Feature Embeddings¶

SynthoHive provides specialized handling for High Cardinality categorical columns (e.g., User ID, Zip Code, Product ID) using Entity Embeddings. This avoids the computational explosion of One-Hot Encoding and allows the model to learn semantic relationships between categories.

When to use Embeddings vs One-Hot?¶

Feature	One-Hot Encoding	Entity Embeddings
Technique	Creates a binary column for every unique category.	Maps each category to a dense vector of floating point numbers.
Cardinality	Low (< 50 unique values).	High (> 50 unique values).
Memory Usage	High (Sparse but wide).	Low (Compact dense vectors).
Relationships	Independent. No relationship between 'A' and 'B'.	Learned. Similar categories end up close in vector space.
Example	`Gender`, `MaritalStatus`.	`ZipCode`, `UserID`, `ICD9_Code`.

How it Works¶

The transformation pipeline automatically detects high-cardinality columns based on a threshold.

1. Detection¶

During DataTransformer.fit(), the system checks the number of unique values in each categorical column. If num_unique > embedding_threshold (default: 50), the column is flagged for embedding.

2. Transformation¶

One-Hot: Converts string "A" -> [1, 0, 0].
Embedding: Converts string "A" -> Integer Index (42).

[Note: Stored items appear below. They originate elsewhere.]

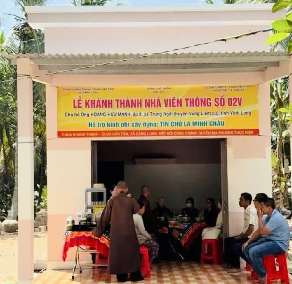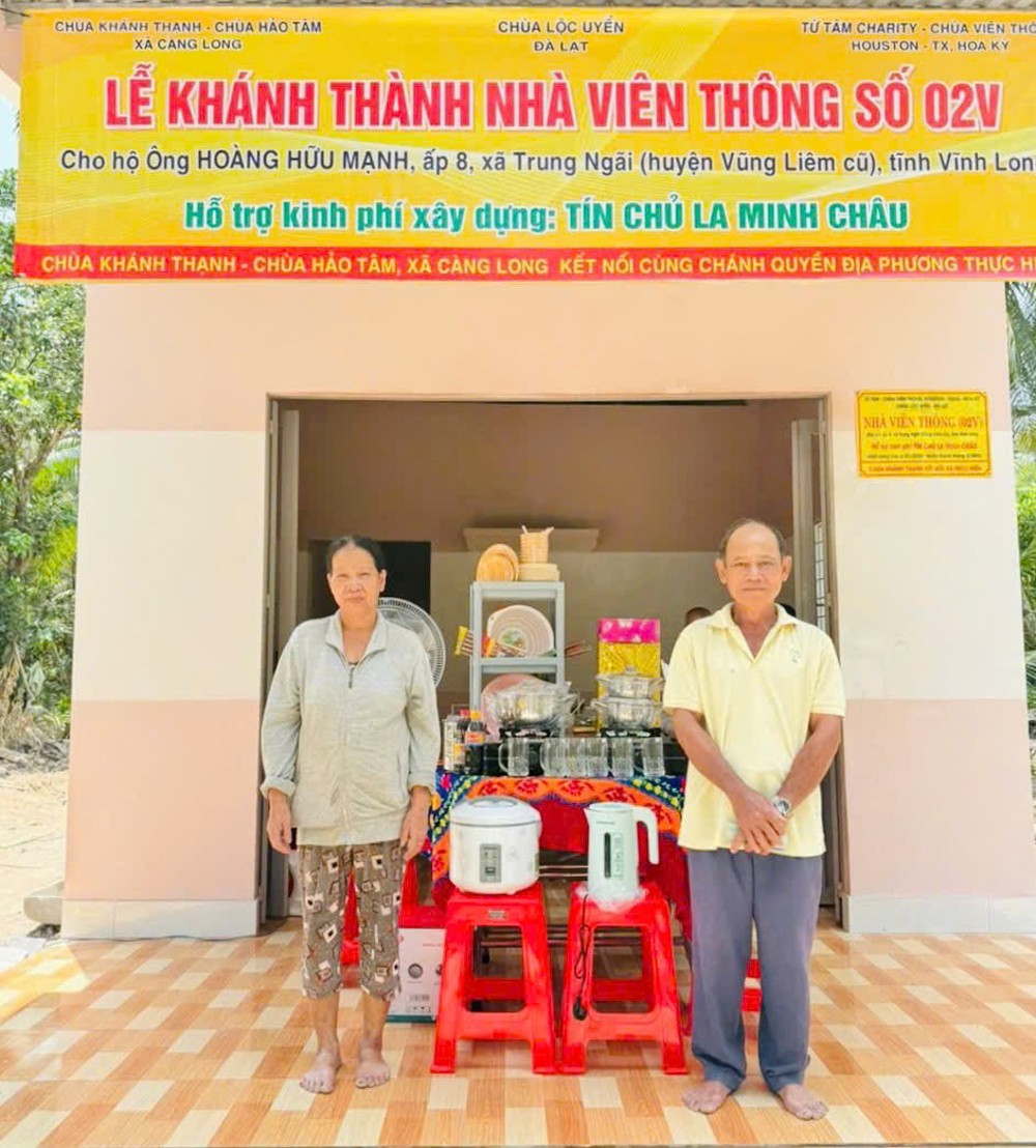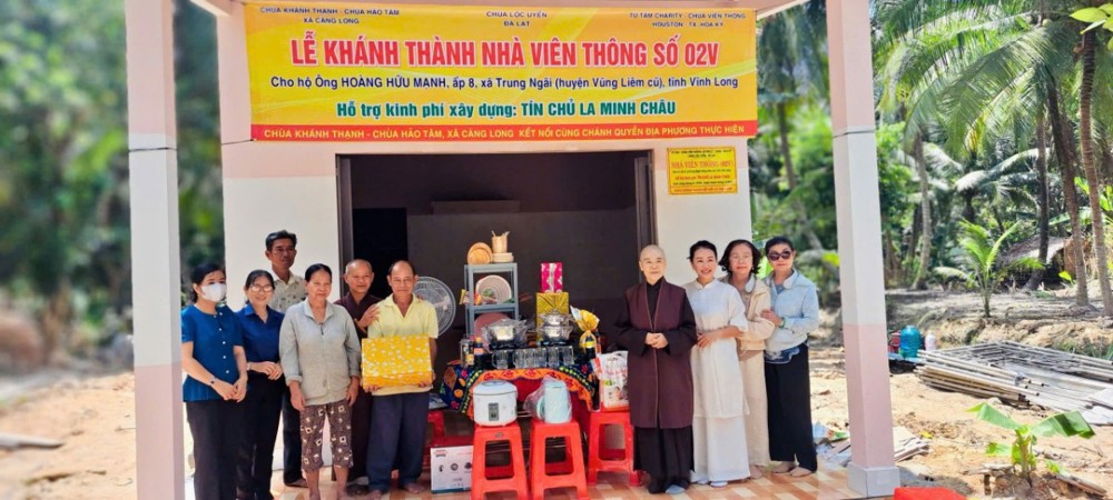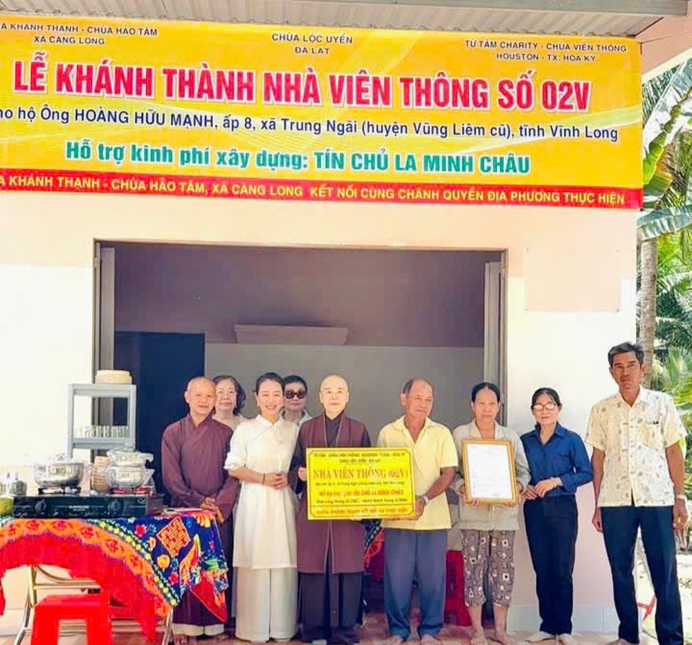 Đặc biệt, các công trình không chỉ được thực hiện bằng nguồn kinh phí vận động, mà còn mang đậm dấu ấn của sự chung tay trực tiếp từ Chư Tôn đức Tăng Ni, Phật tử và bà con địa phương. Từng viên gạch, từng ngày công lao động đều thấm đượm tâm huyết và lòng sẻ chia, thể hiện sinh động hạnh nguyện từ bi cứu khổ của người con Phật giữa cuộc đời. Mở đầu chương trình, vào buổi sáng cùng ngày, đoàn đã tổ chức lễ bàn giao Nhà Viên Thông 02V cho gia đình ông Hoàng Hữu Mạnh và bà Lê Hồng Sương, cư ngụ tại ấp 8, xã Trung Ngãi.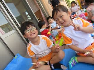 普段は保育室にて食事をとる2歳児さんも、雰囲気が変わったおかげか箸もいつもに増して進みましたよ(^^)v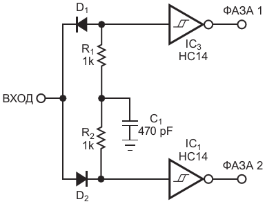 Рисунок 1. Каждый инвертор с триггером Шмитта управляется в течение одного полупериода через диод. Создаваемая RC-цепью задержка происходит во время чередования полупериодов. Резисторы с равными сопротивлениями R1 и R2 попеременно служат в каче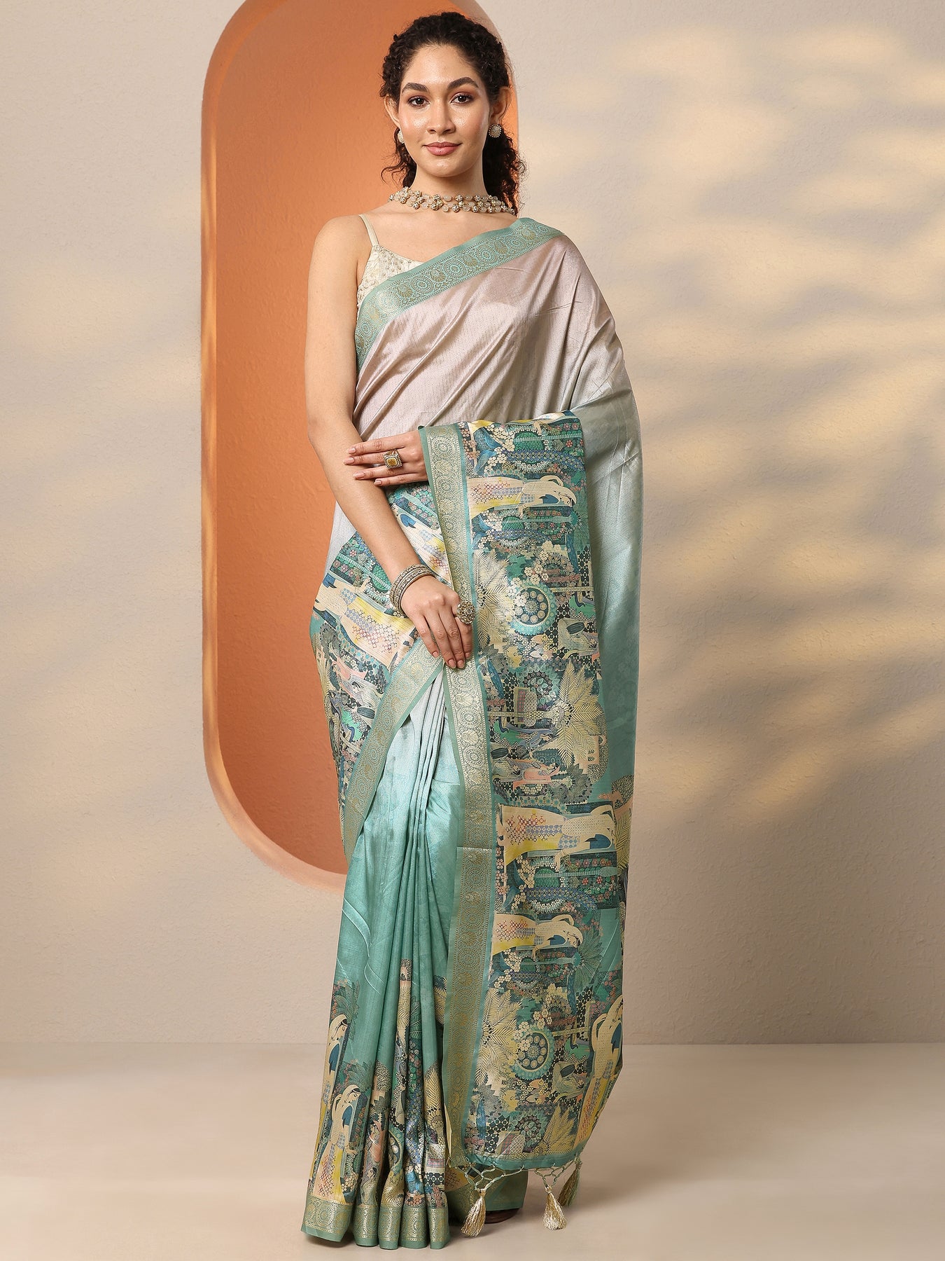 Green Tribal Printed Silk Blend Saree With Unstitched Blouse Piece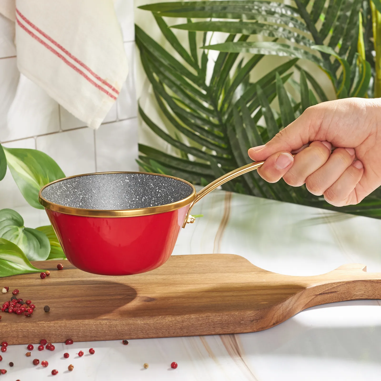 • Die Emailleprodukte von Karaca sind frei von giftigen Rohstoffen und enthalten keine schädlichen Inhaltsstoffe. Die keimfreie und leicht zu reinigende Emaille ist widerstandsfähig gegen hohe Temperaturen, chemische und klimatische Bedingungen. Sie hat eine dekorative und ästhetische Ausstrahlung. Die hygienische Oberfläche gibt weder Geruch noch Geschmack ab.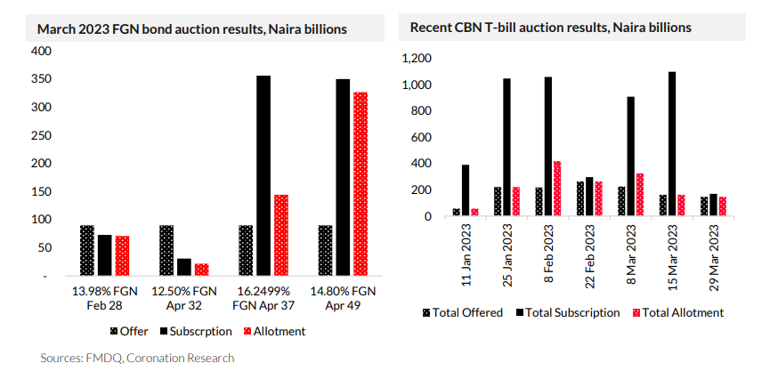 This means it has come close to meeting investor demand for bonds, with the result that bond yields have not moved much. By contrast, the CBN has been selling amounts of T-bills close to what it offers, with allotments not reflecting the huge sums that were being bid during January, February, and early March. The result was a crash in T-bill rates while FGN bond rates did not change much at this time. Now the sums being bid at T-bill auctions are much less than before (see the results for the 29 March auction in the chart, above) and T-bill rates have risen.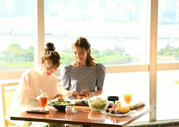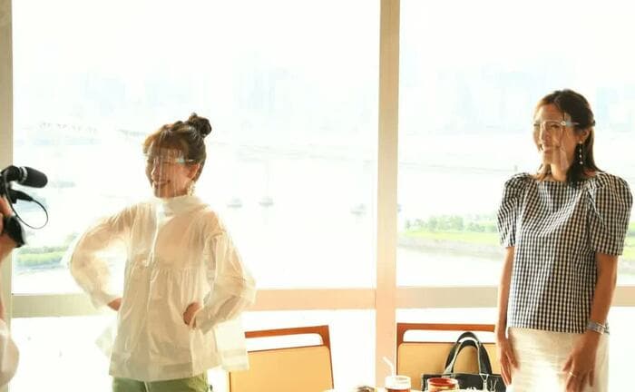 2人は、色とりどりの料理が撮影用に用意された丸テーブルに着席。背後には、窓ガラス越しに東京タワーやレインボーブリッジなどが望める“東京湾のオーシャンビュー”が広がっているという絶好のシチュエーションだ。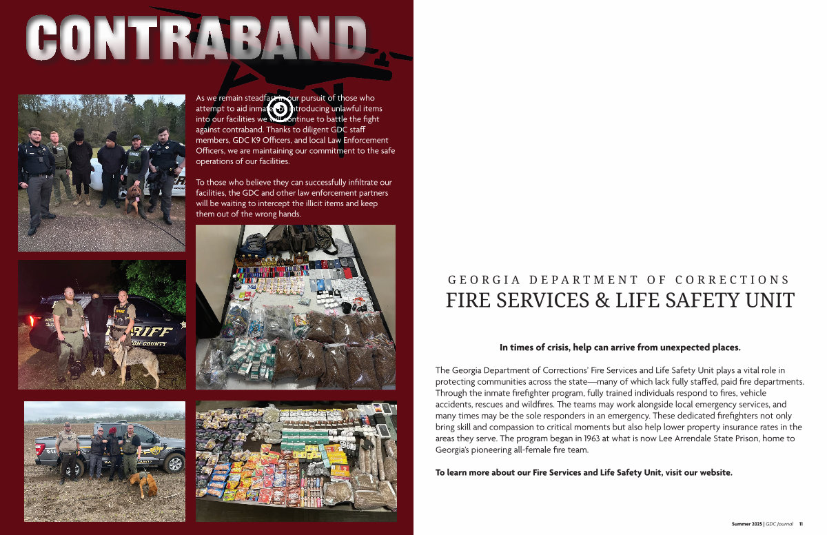 As we remain steadfast in our pursuit of those who attempt to aid inmates by introducing unlawful items into our facilities we will continue to battle the fight against contraband. Thanks to diligent GDC staff members, GDC K9 Officers, and local Law Enforcement Officers, we are maintaining our commitment to the safe operations of our facilities.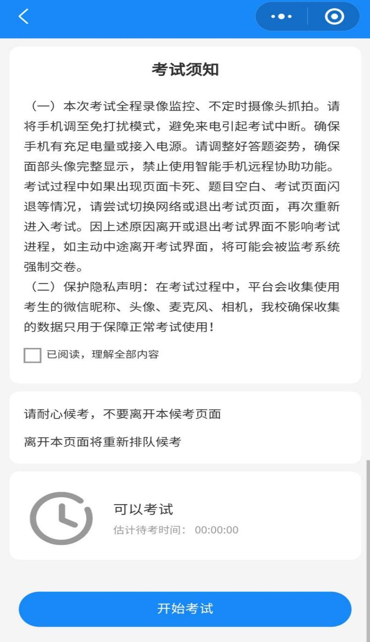 (3)抽取试卷试,如出现抽题卡死🤙🏼、空白试卷💇、闪退等意外情况🧎🏻♀️➡️,请重新登录小程序,系统重新计时、重新抽题不影响再次考试。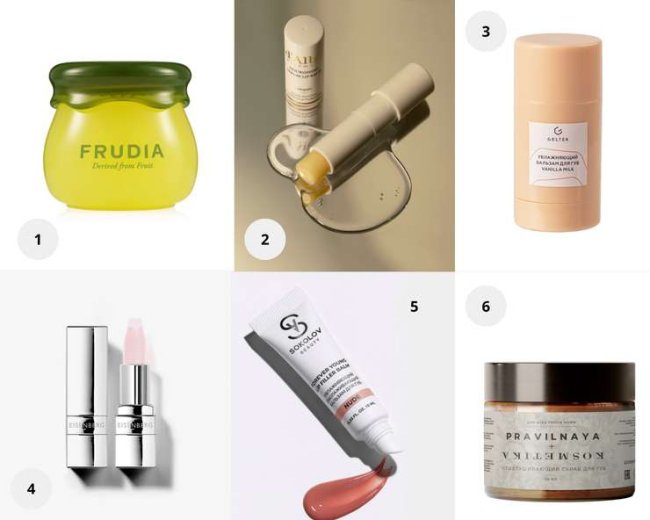 1. Восстанавливающий бальзам с авокадо, Frudia. 2. Питательный бальзам для губ White Truffle Nourishing Serum Lip Balm, d’Alba. 3. Увлажняющий бальзам для губ Vanilla Milk, Geltek. 4. Бальзам для губ Baume Fusion, EISENBERG. 5. Бальзам для губ увлажняющий, омолаживающий, SOKOLOV. 6. Отшелушивающий скраб для губ, Pravilnaya Kosmetika.

3. Model Training (CTGAN)¶

Inside the neural network model: * Generator: Outputs a probability distribution (logits) over all possible categories. * Discriminator: Feeds the index (for real data) or probability-weighted vector (for fake data) into a learnable Embedding Layer. * Learning: The model learns to place similar entities near each other. For example, if Zip Codes 10001 and 10002 have similar correlations with Income, their embedding vectors will become similar during training.

Configuration¶

You can control the threshold for switching to embeddings globally or per-model.

Global Configuration¶

Set the embedding_threshold when initializing the synthesizer or calling fit.

synth.fit(
    data=df,
    embedding_threshold=100  # Only use embeddings if > 100 unique values
)

Lowering this value forces more columns to use embeddings, which saves memory but might reduce precision for small categorical sets. Increasing it uses One-Hot for more columns, which is more precise but memory-intensive.

Use Cases¶

1. Geographical Data¶

Zip codes, Cities, or State abbreviations often have hundreds of values. Embeddings allow the model to learn valid geography (e.g., that "NY" and "NJ" are related) rather than treating them as unrelated tokens.

2. ID Columns¶

While primary keys like UserID are usually excluded, you might have Foreign Keys or distinct identifiers like ProductCode that you want to synthesize while preserving their statistical properties.

3. Medical Codes¶

ICD-9 or CPT codes have thousands of distinct values. Embeddings are essential for synthesizing electronic health records (EHR) effectively.